Uno stillicidio che vanificherebbe la massa critica finanziaria a disposizione.
L’ex Commissario europeo agli Affari economici, Pierre Moscovici, è stato molto preciso in merito: “Non dobbiamo considerare questo piano come un incentivo all’irresponsabilità. Dobbiamo garantire la qualità della nostra spesa pubblica e, soprattutto, che essa sia indirizzata verso le esigenze prioritarie delle nostre economie, a partire dagli investimenti produttivi. I finanziamenti pubblici non devono distrarci dalle progressive riforme economiche e sociali di cui abbiamo bisogno, ma fornire i mezzi per realizzarle”.
Sante parole che ci permettono di sottolineare una priorità assoluta da porsi come obiettivo primario di questa riforma.
Favorire un nuovo, grande patto sociale tra le generazioni che riduca le disuguaglianze, investa “soldi veri” nel capitale umano e quindi nella scuola, partorisca una nuova formula di definizione giuridica ed economica dei cosiddetti Beni Comuni, quei beni sui quali si potrà rifondare un Paese più giusto, più libero, più uguale, basato su meritocrazia e opportunità per tutti con una coscienza civica che tuteli i diritti ma evidenzi anche i doveri di ciascuno di noi.

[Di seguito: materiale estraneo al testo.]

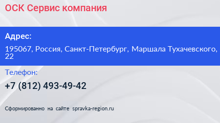 ОСК Сервис, компания по адресу 195067, Россия, Санкт-Петербург, Маршала Тухачевского, 22 в дальнейшем Организация, размещена в следующих категориях:
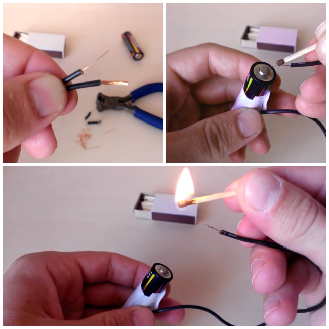Пояснення: торкаючись батарейки другим кінцем дроту, ви замикаєте ланцюг. Струм нагріває оголений провід — цього підвищення температури достатньо, щоб сірник загорілася.

Dopo aver focalizzato i rischi e i pericoli connessi alla grande opportunità offerta dal Recovery Plan, provo ad individuare alcune priorità per dar vita davvero ad una spesa pubblica di qualità.
A tal fine, bisogna:
a) Ridare centralità alle idee, al pensiero strategico a medio-lungo periodo, costruendo dei team di lavoro che sappiano scrivere i progetti con un lessico adeguato alle richieste di Bruxelles. Sembra una banalità, ma in realtà l’Italia, fino ad oggi, non è riuscita a spendere tutti i soldi che l’Unione Europea le aveva assegnato proprio per la sua incapacità di individuare e scrivere dei progetti coerenti con i piani di investimento pluriennali di Bruxelles.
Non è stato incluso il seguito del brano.